Optimal Parameters are determined by selecting the best perfomring
combination of paremeters. The goodness of fit score for each
combination is averaged over all regions considered. When the
rank
argument is set to TRUE, the optimal
parameters will be based on which combination of parameters showed the
best performance for each regions individually. Parameter combinations
are ranked based on how many individual regions performed best with that
specific set of parameters.
Finally, optimalMethod
argument will enbale you to
selected the goodness Of Fit method you wish to use.

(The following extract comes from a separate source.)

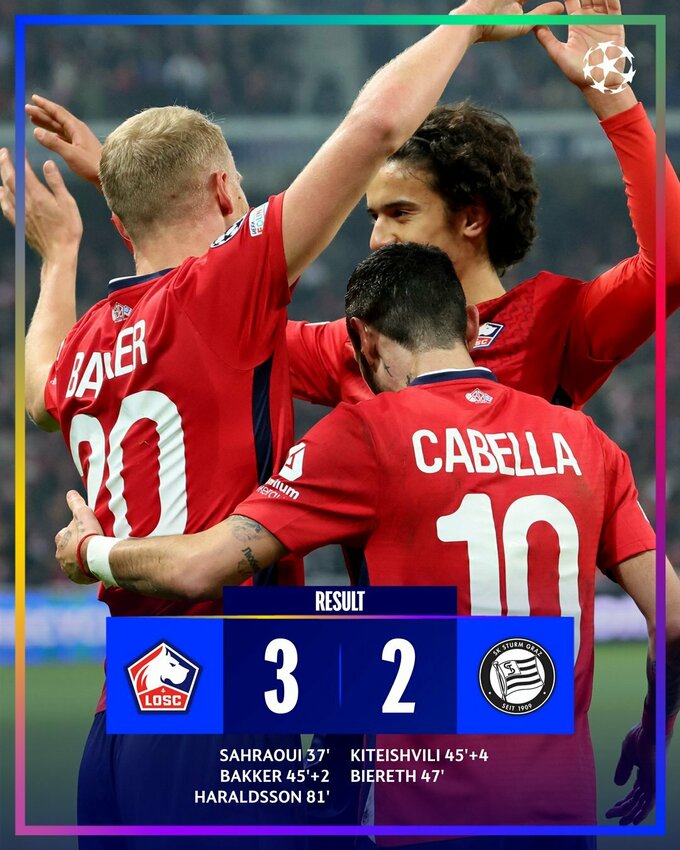 Голевая перестрелка. Лилль одолел Штурм и вошел в топ-6 Лиги чемпионов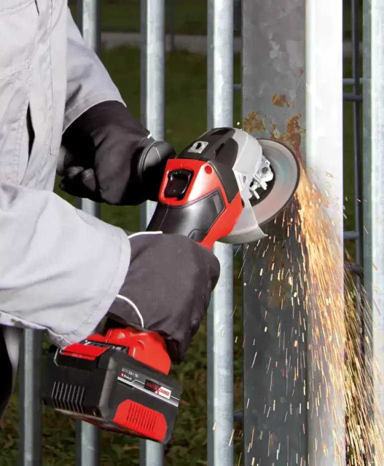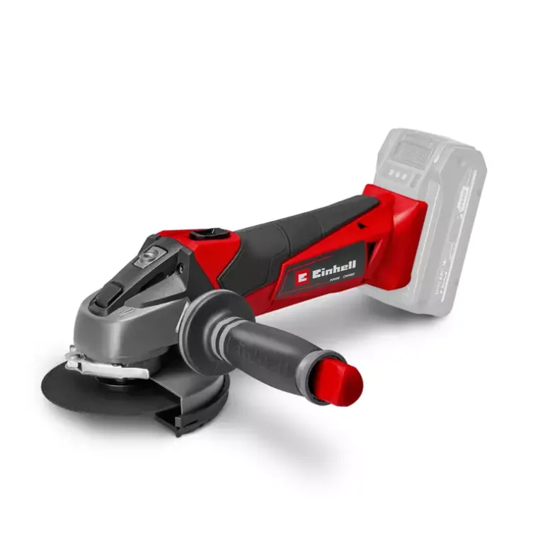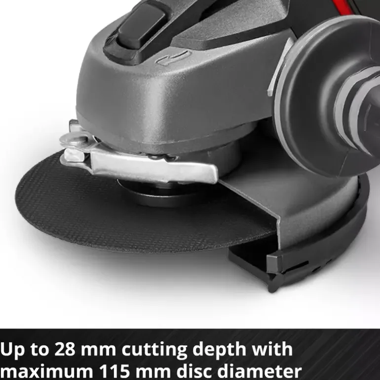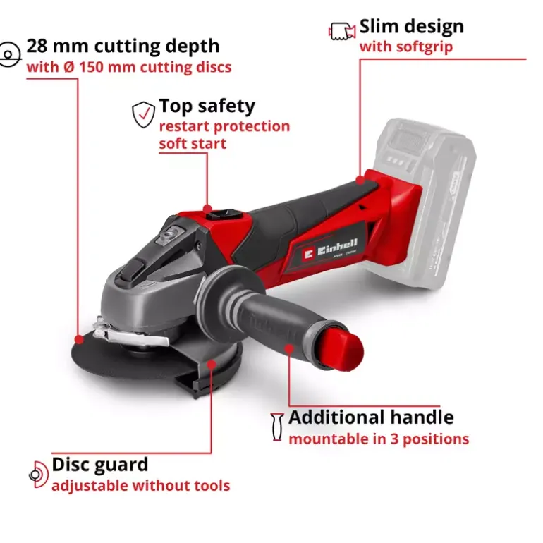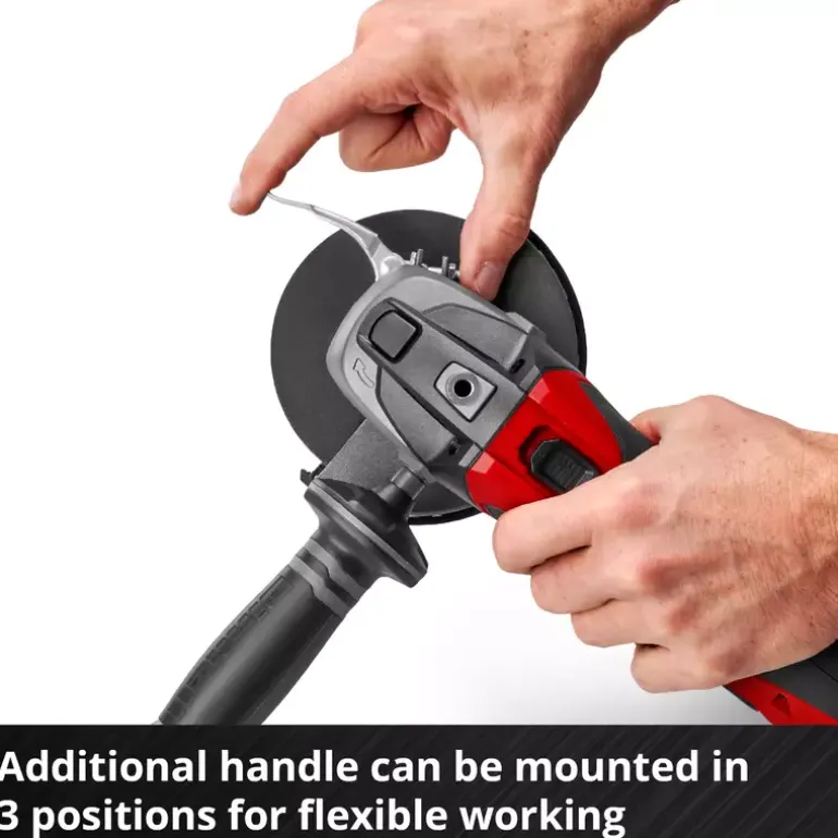 The Einhell cordless angle grinder TE-AG 18/115 Li – Solo is the lightest angle grinder in its class and features a robust aluminium gearing housing. It is a member of the Power X-Change family, so the batteries with the high-grade lithium-ion cells can be used for all members of the Power X-Change family. The battery and charger are available separately, for example as a high-performance starter set. For optimum cutting, grinding and roughing results it is recommended that a 2.6 Ah Plus battery or higher is used. Thanks to the softstart function and restart safeguard, the angle grinder starts up smoothly and is safer to use. With its slimline design with ergonomic soft grip and the additional handle which can be fitted in three available positions, the tool offers comfortable handling. The modified air guidance ensures optimum cooling of the tool and low strain on the gearing during operation. The disc guard comes with a quick-adjust facility which can be adapted with just a twist of the hand to any task. An overload cut-out contributes to greater safety and a longer service life. Supplied without a cutting disc.

Now that you have selected custom parameters, you will want to plot the associated heat maps.
## Extracted Optimal Parameters
optimalParam <- optimal$Optimal
## Plotting heat maps
plotOptimalHeatMaps(optimalParam,overlay=TRUE)
It is possible to plot an overlay of the optimal set of paramters of
all goodness Of Fit methods. Using the overlay
argument in
the plotting function will plot overlay the top 10% of optimal
parameters as selected by each Goodness of fit metric.
Let’s imagine that when looking at the optimal parameter heat maps, you would like to run a combination of parameters that is not in the ones that had been provided but you do not want to re-compute optimal parameters. Or Let us imagine that you have already an estimate of number of bound molecules. ChIPanalyser provides functions that will enable you to run the piple line on individual parameter combinations. The steps are described as following:
## Creating genomic Profiles object with PFMs and associated parameters
GP <- genomicProfiles(PFM = PFM,
PFMFormat = "JASPAR",
BPFrequency = DNASequenceSet,
lambdaPWM = 1,
boundMolecules = 58794)
## Computing Genome Wide Score required
GW <- computeGenomeWideScores(genomicProfiles = GP,
DNASequenceSet = DNASequenceSet,
chromatinState = Access)
## Extracting genome wide scores
## Considering Chromatin State ~ Both strands
## Computing Mean waiting time
## _ _ _ _ _ _ _ _ _ _ _ _ _ _ _ _ _ _ _ _ _ _ _ _ _ _ _ _ _ _ _ _ _ _ _ _ _ _ _ _ _ _ _ _ _ _ _ _ _ _ _ _ _ _ _ _ _ _ _ _
##
## genomicProfiles object: Accessible Chromatin Score
## _ _ _ _ _ _ _ _ _ _ _ _ _ _ _ _ _ _ _ _ _ _ _ _ _ _ _ _ _ _ _ _ _ _ _ _ _ _ _ _ _ _ _ _ _ _ _ _ _ _ _ _ _ _ _ _ _ _ _ _
##
## Position Weight Matrix (PWM):
##
## [,1] [,2] [,3] [,4] [,5] [,6]
## A -0.43767288 -0.18659373 0.08313105 0.4815961 0.5392208 0.6417377
## C 0.04045561 0.53988434 0.01137399 0.4833483 -0.8893224 -0.9491829
## G 0.30241584 0.01243766 0.44766827 -0.1011918 -0.2204289 0.1913679
## T 0.06672312 -0.44259797 -0.70094631 -8.2905435 -0.1563618 -0.9380145
## [,7] [,8] [,9] [,10] [,11] [,12] [,13]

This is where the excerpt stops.